Instructions to follow: Restate the listing below exactly, images excluded.

╭─ Records shown

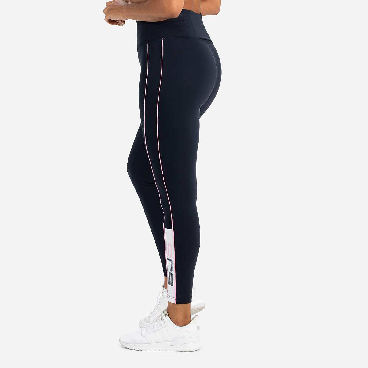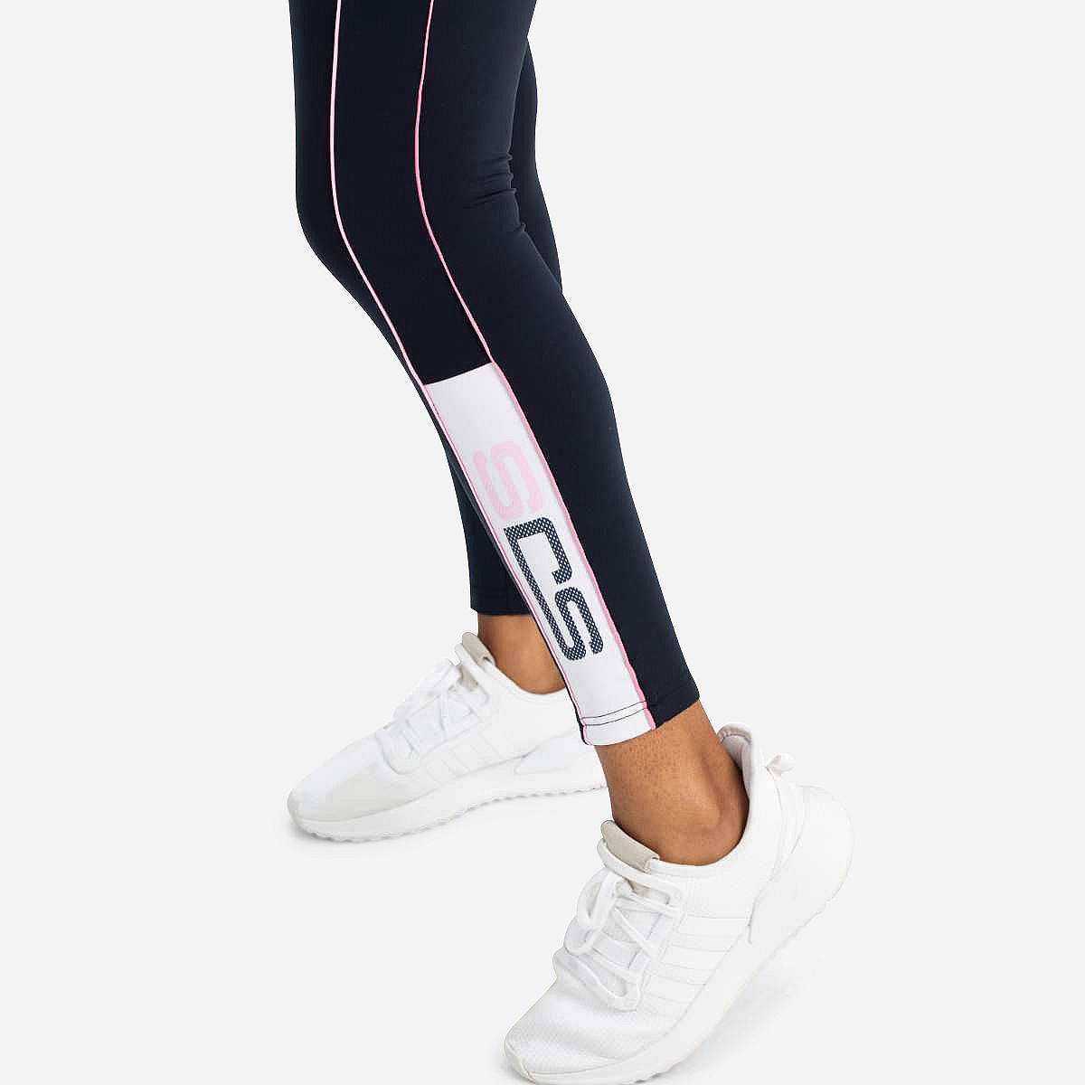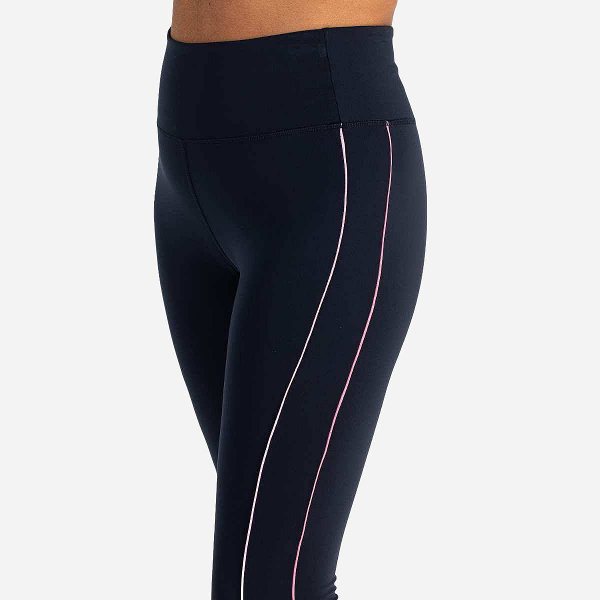 Deze legging is de perfecte combinatie van stijl en functionaliteit. Gemaakt van donkerblauwe multistretch jersey, biedt deze legging optimaal comfort tijdens al jouw sportieve activiteiten. De smalle contrasterende strepen langs de pijpen en de inzetten met het Sjeng Sports logo onderaan bij de enkels maken deze legging tot een echte blikvanger.
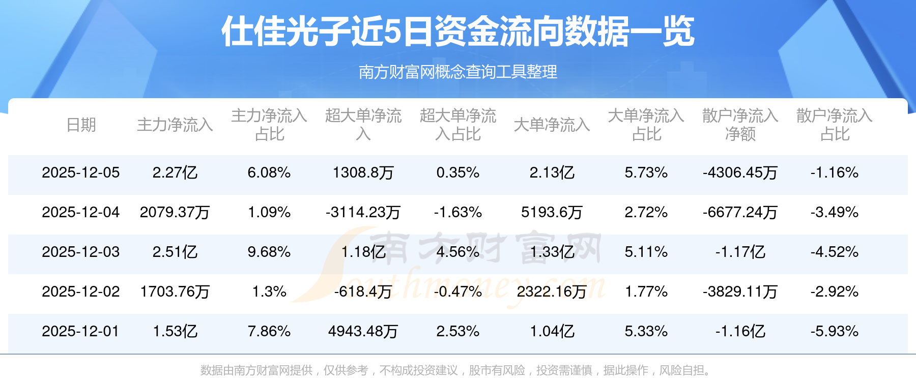 12月5日消息,仕佳光子資金凈流入2.27億元,超大單資金凈流入1308.8萬元,換手率9.45%,成交金額37.23億元。
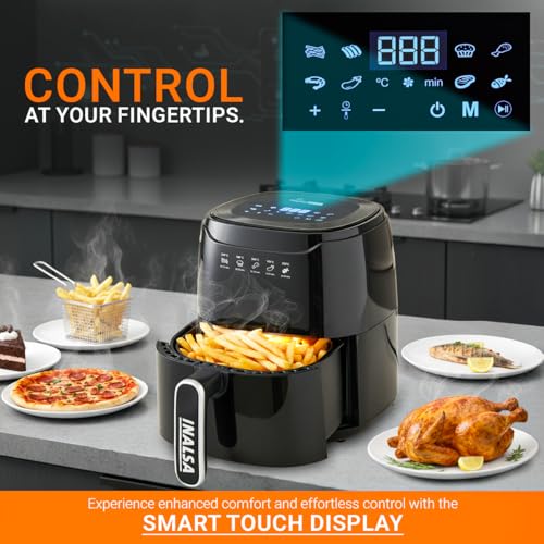 - 8 in 1 MULTIFUNCTIONS: Choosing from 8 convenient cooking functions with just a Touch Display, also to quick adjustment on cooking time. The INALSA air fryer’s one-touch screen features 8 present functions with precise temperature & timer settings
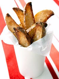 Cut the potatoes lengthwise into 1/2-inch-thick wedges. Transfer to a large bowl. Add remaining olive oil; toss to coat. Sprinkle potato wedges with the salt and black pepper, tossing to coat. Arrange potatoes in a single layer on prepared baking sheet.
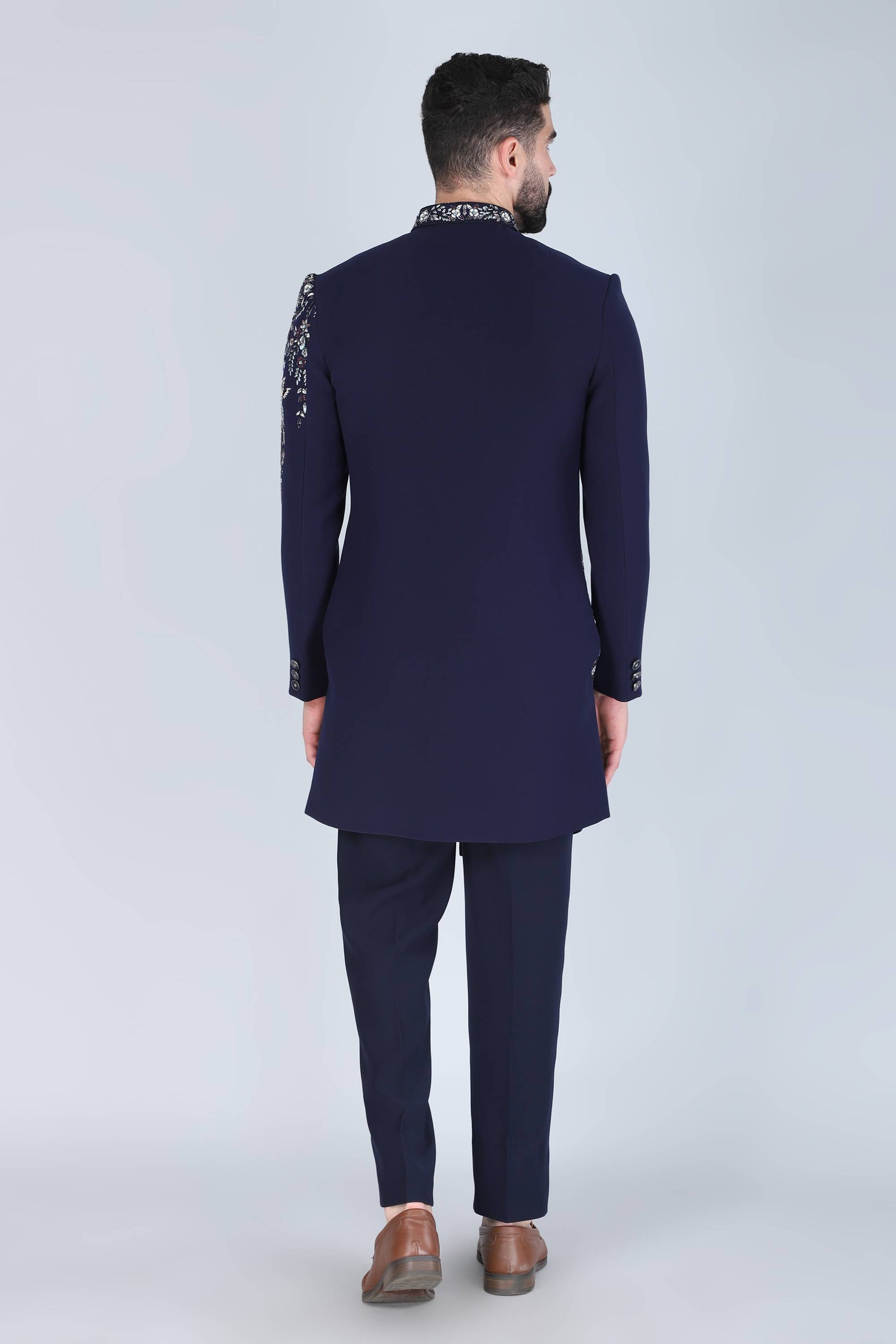 Blue Sequins Embroidered Bandhgala on Woven silk
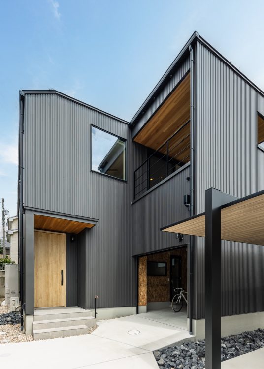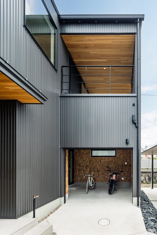 いぶし銀のガルバリムの外観。夢だったバイクガレージを設置しました
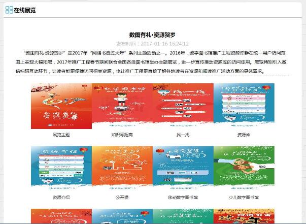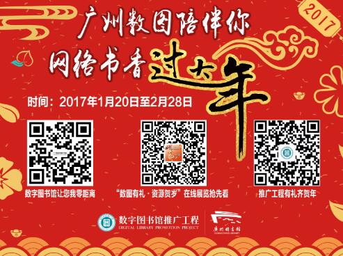 2017年1月20日至2月28日,我们推出了“广州数图你,网络书香过大年”新春线上活动,活动推出三周就吸引了近两千人关注。广州数字图书馆除了在线办证、图书推荐、海量资源免费用等各种零距离个性服务,还特别准备了“数图有礼•资源贺岁”在线展览,向读者展示数字图书馆可看、可学、可娱乐、可互动等意想不到的精彩内容及丰富面貌。
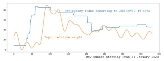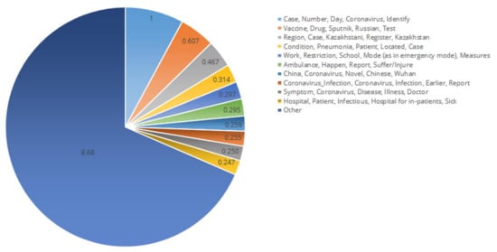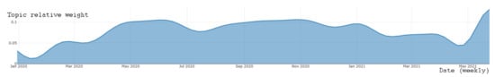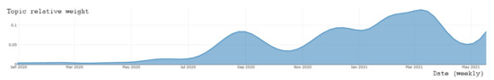 The third approach aimed to perform an analysis of specific search queries constructed by experts. It allowed the testing of the specific hypothesis by manually defined search queries without relying on the topic model to distinguish the corresponding topics. The list was composed based on the assumption that the COVID-19 pandemic had significantly affected almost all areas of human activities [61], including healthcare, the economy (unemployment, crisis, poverty) [62], remote work and education [63], crime rate [64], and the abundance of fake news [65]. In the list, we attempted to encompass the most important areas that might have been affected by the COVID-19 pandemic according to common sense and literature review.
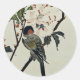 Pegatina Redonda Flores de cerezo y aves pequeñas
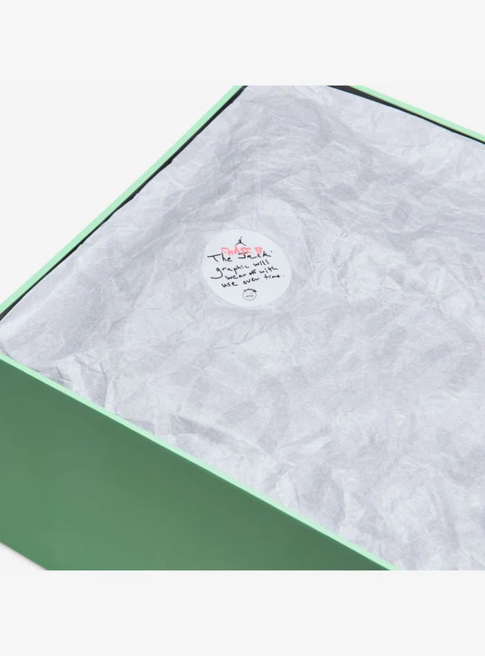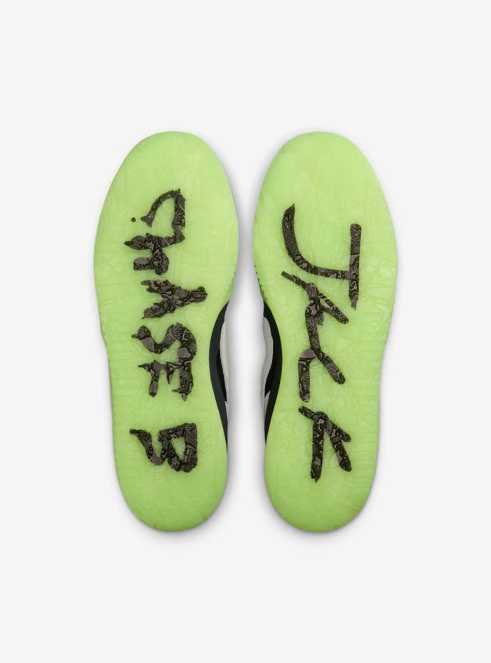Un elemento distintivo è la suola in gomma Illusion Green con effetto glow-in-the-dark, che crea un contrasto sorprendente e dona un forte impatto visivo anche al buio.
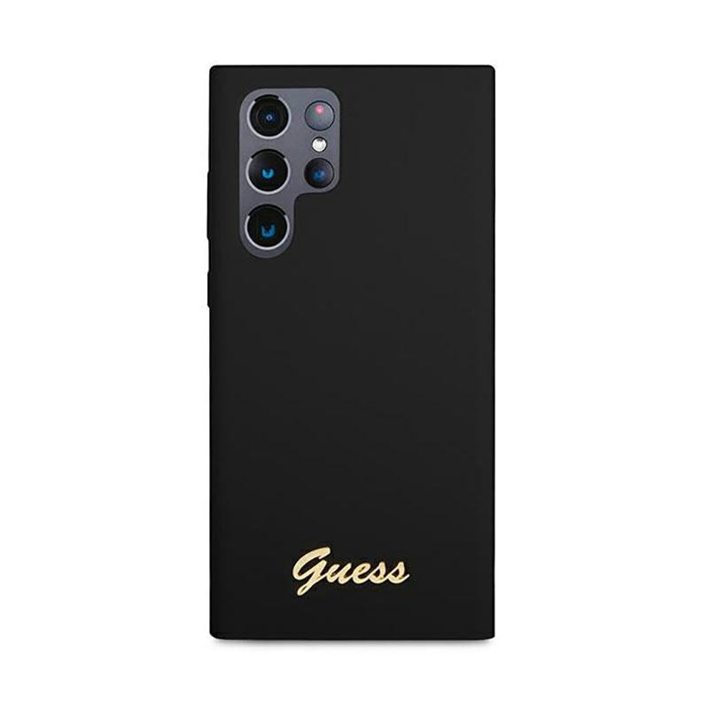 Guess Silicone Script Metal Logo - Etui Samsung Galaxy S22 Ultra (czarny)

╰─

Response below:
 Deze legging is de perfecte combinatie van stijl en functionaliteit. Gemaakt van donkerblauwe multistretch jersey, biedt deze legging optimaal comfort tijdens al jouw sportieve activiteiten. De smalle contrasterende strepen langs de pijpen en de inzetten met het Sjeng Sports logo onderaan bij de enkels maken deze legging tot een echte blikvanger.
 12月5日消息,仕佳光子資金凈流入2.27億元,超大單資金凈流入1308.8萬元,換手率9.45%,成交金額37.23億元。
 - 8 in 1 MULTIFUNCTIONS: Choosing from 8 convenient cooking functions with just a Touch Display, also to quick adjustment on cooking time. The INALSA air fryer’s one-touch screen features 8 present functions with precise temperature & timer settings
 Cut the potatoes lengthwise into 1/2-inch-thick wedges. Transfer to a large bowl. Add remaining olive oil; toss to coat. Sprinkle potato wedges with the salt and black pepper, tossing to coat. Arrange potatoes in a single layer on prepared baking sheet.
 Blue Sequins Embroidered Bandhgala on Woven silk
 いぶし銀のガルバリムの外観。夢だったバイクガレージを設置しました
 2017年1月20日至2月28日,我们推出了“广州数图你,网络书香过大年”新春线上活动,活动推出三周就吸引了近两千人关注。广州数字图书馆除了在线办证、图书推荐、海量资源免费用等各种零距离个性服务,还特别准备了“数图有礼•资源贺岁”在线展览,向读者展示数字图书馆可看、可学、可娱乐、可互动等意想不到的精彩内容及丰富面貌。
 The third approach aimed to perform an analysis of specific search queries constructed by experts. It allowed the testing of the specific hypothesis by manually defined search queries without relying on the topic model to distinguish the corresponding topics. The list was composed based on the assumption that the COVID-19 pandemic had significantly affected almost all areas of human activities [61], including healthcare, the economy (unemployment, crisis, poverty) [62], remote work and education [63], crime rate [64], and the abundance of fake news [65]. In the list, we attempted to encompass the most important areas that might have been affected by the COVID-19 pandemic according to common sense and literature review.
 Pegatina Redonda Flores de cerezo y aves pequeñas
Un elemento distintivo è la suola in gomma Illusion Green con effetto glow-in-the-dark, che crea un contrasto sorprendente e dona un forte impatto visivo anche al buio.
 Guess Silicone Script Metal Logo - Etui Samsung Galaxy S22 Ultra (czarny)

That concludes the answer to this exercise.